====== Task input

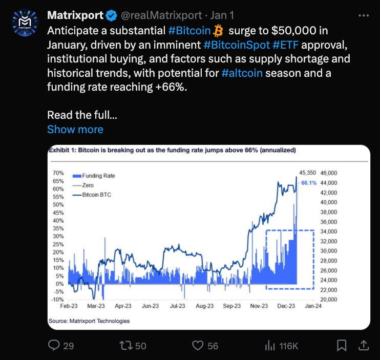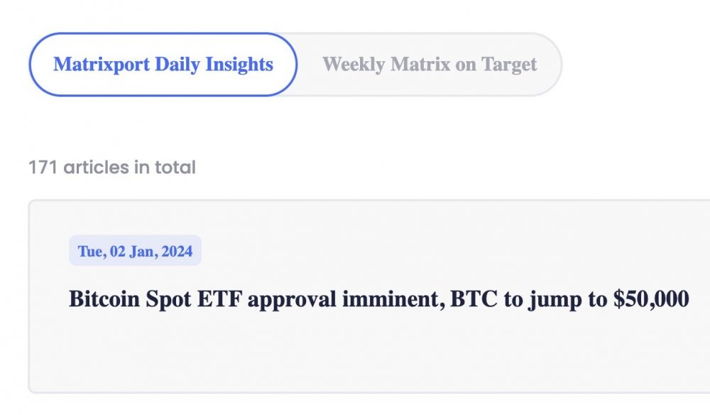 1 января Matrixport выразила на X (ранее Twitter) уверенность в том, что биткоин вырастет до $50 000, что обусловлено такими факторами, как «неизбежное одобрение спотового биткоин-ETF». Фирма также заявила, что о потенциальном одобрении спотового биткоин-ETF может быть объявлено даже раньше ожиданий большинства трейдеров 8, 9 или 10 января.
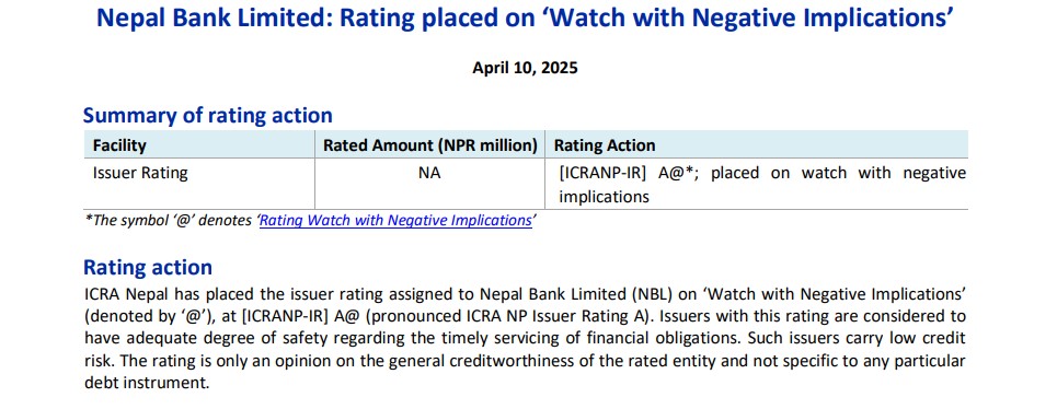 हालसम्म नेपाल बैंकलाई दिइएको “ए” श्रेणीको रेटिङ अब ‘निगरानीमा’ राखिएको छ, जसको अर्थ बैंकको आर्थिक स्थायित्वप्रति शंका पैदा भएको हो। यस्ता रेटिङले संस्थाको वित्तीय दायित्व समयमै तिर्ने क्षमतामा अब पूर्ण विश्वास गर्न सकिँदैन भन्ने सन्देश दिन्छ।
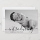 Introducing Script Custom Photo Collage Announcement is a very modern and cool way to introduce the new addition to your family. It is suitable for both girls and boys. The front is with a large photo with the introducing text in the black script and the baby name template. The back is a photo collage of 4 photos and birth stats and welcome text.
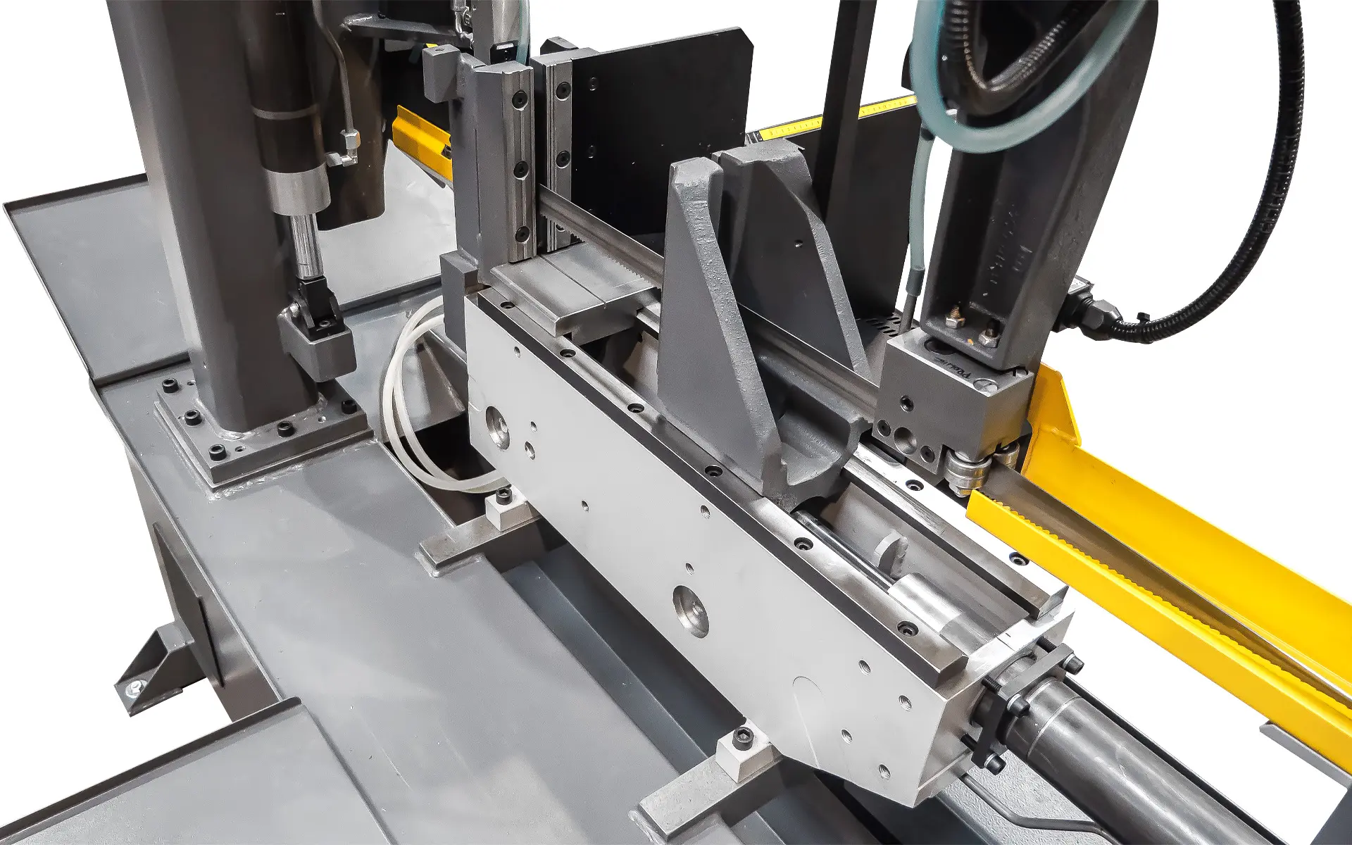 Rameno pily je vedeno dvěma robustními sloupy a je na jedné straně uloženo na předepnutém lineárním vedení bez vůle. Na druhé straně je uloženo na pomocném vedení
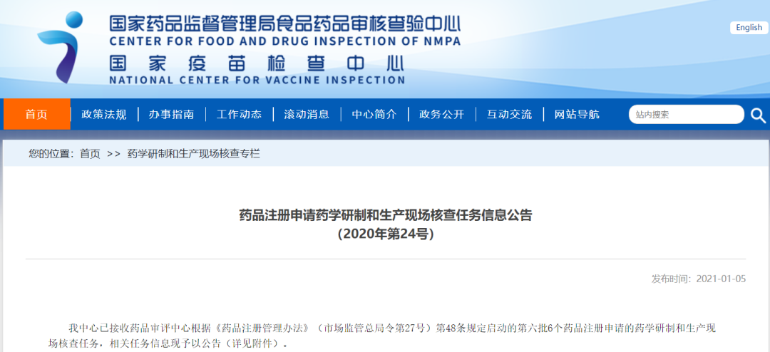 藥品注冊(cè)申請(qǐng)藥學(xué)研制和生產(chǎn)現(xiàn)場(chǎng)核查任務(wù)信息公告 (2020年第24號(hào))
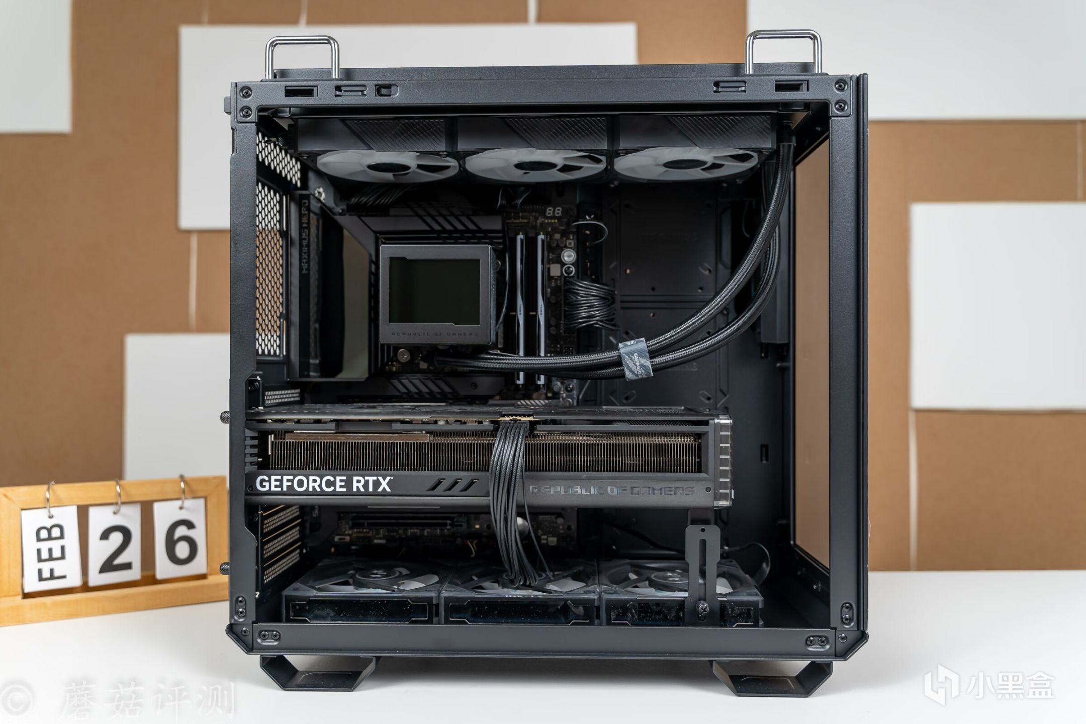 ▼這個機箱的整體效果還是非常漂亮的,蘑菇個人也非常喜歡這個機箱,體積也不大,內部的空間很大,並且這個空間,還有很多可定製的空間,尤其是背面的電源倉,如果想要的話,可以裝很多3.5英寸的機械硬盤,很有意思。

============

— Assignment —
Word for word, set down every record, keeping the images out.

— Answer area —
 1 января Matrixport выразила на X (ранее Twitter) уверенность в том, что биткоин вырастет до $50 000, что обусловлено такими факторами, как «неизбежное одобрение спотового биткоин-ETF». Фирма также заявила, что о потенциальном одобрении спотового биткоин-ETF может быть объявлено даже раньше ожиданий большинства трейдеров 8, 9 или 10 января.
 हालसम्म नेपाल बैंकलाई दिइएको “ए” श्रेणीको रेटिङ अब ‘निगरानीमा’ राखिएको छ, जसको अर्थ बैंकको आर्थिक स्थायित्वप्रति शंका पैदा भएको हो। यस्ता रेटिङले संस्थाको वित्तीय दायित्व समयमै तिर्ने क्षमतामा अब पूर्ण विश्वास गर्न सकिँदैन भन्ने सन्देश दिन्छ।
 Introducing Script Custom Photo Collage Announcement is a very modern and cool way to introduce the new addition to your family. It is suitable for both girls and boys. The front is with a large photo with the introducing text in the black script and the baby name template. The back is a photo collage of 4 photos and birth stats and welcome text.
 Rameno pily je vedeno dvěma robustními sloupy a je na jedné straně uloženo na předepnutém lineárním vedení bez vůle. Na druhé straně je uloženo na pomocném vedení
 藥品注冊(cè)申請(qǐng)藥學(xué)研制和生產(chǎn)現(xiàn)場(chǎng)核查任務(wù)信息公告 (2020年第24號(hào))
 ▼這個機箱的整體效果還是非常漂亮的,蘑菇個人也非常喜歡這個機箱,體積也不大,內部的空間很大,並且這個空間,還有很多可定製的空間,尤其是背面的電源倉,如果想要的話,可以裝很多3.5英寸的機械硬盤,很有意思。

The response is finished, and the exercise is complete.